Exercise materials —
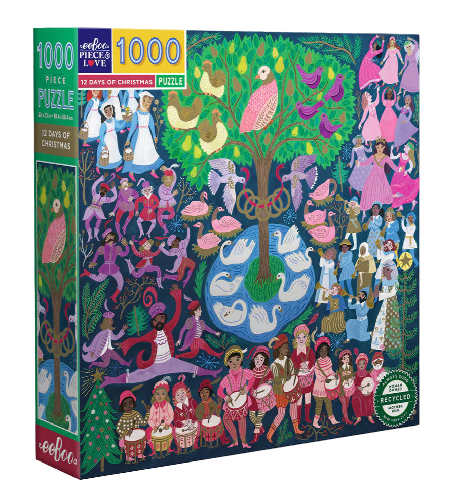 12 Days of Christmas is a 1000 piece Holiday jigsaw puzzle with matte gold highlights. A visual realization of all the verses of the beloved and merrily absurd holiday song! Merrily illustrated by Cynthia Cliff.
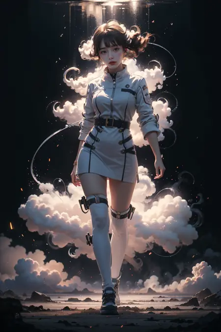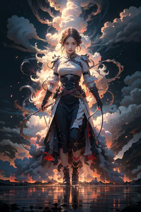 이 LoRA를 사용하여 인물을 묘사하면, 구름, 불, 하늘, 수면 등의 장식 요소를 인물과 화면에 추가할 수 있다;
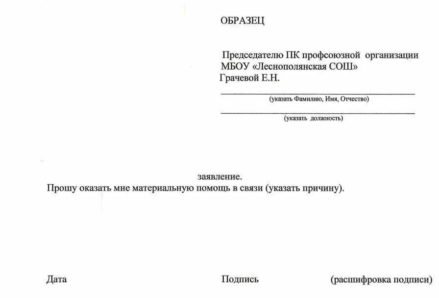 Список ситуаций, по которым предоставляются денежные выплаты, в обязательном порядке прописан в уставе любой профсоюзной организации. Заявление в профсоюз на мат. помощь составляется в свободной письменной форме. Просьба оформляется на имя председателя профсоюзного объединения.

==

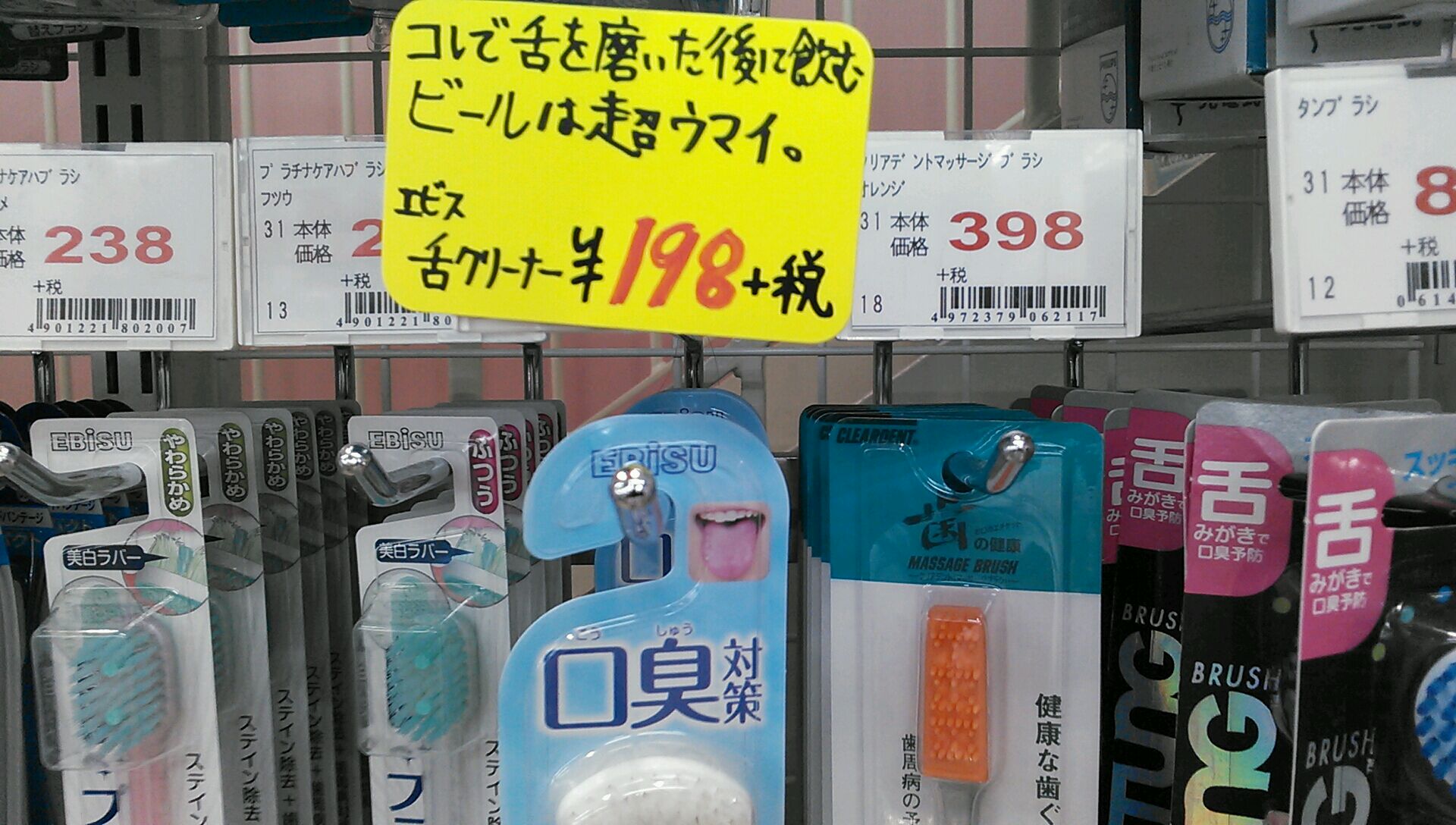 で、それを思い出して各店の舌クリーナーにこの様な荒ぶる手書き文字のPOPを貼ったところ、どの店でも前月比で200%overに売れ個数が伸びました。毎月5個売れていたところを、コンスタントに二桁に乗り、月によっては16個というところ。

Problem description — Starting at the line above that contains "이 LoRA를 사용하여", transcribe every line exactly through the line that contains "Список ситуаций, по", including that last one, and skip the pictures.

Answer —
 이 LoRA를 사용하여 인물을 묘사하면, 구름, 불, 하늘, 수면 등의 장식 요소를 인물과 화면에 추가할 수 있다;
 Список ситуаций, по которым предоставляются денежные выплаты, в обязательном порядке прописан в уставе любой профсоюзной организации. Заявление в профсоюз на мат. помощь составляется в свободной письменной форме. Просьба оформляется на имя председателя профсоюзного объединения.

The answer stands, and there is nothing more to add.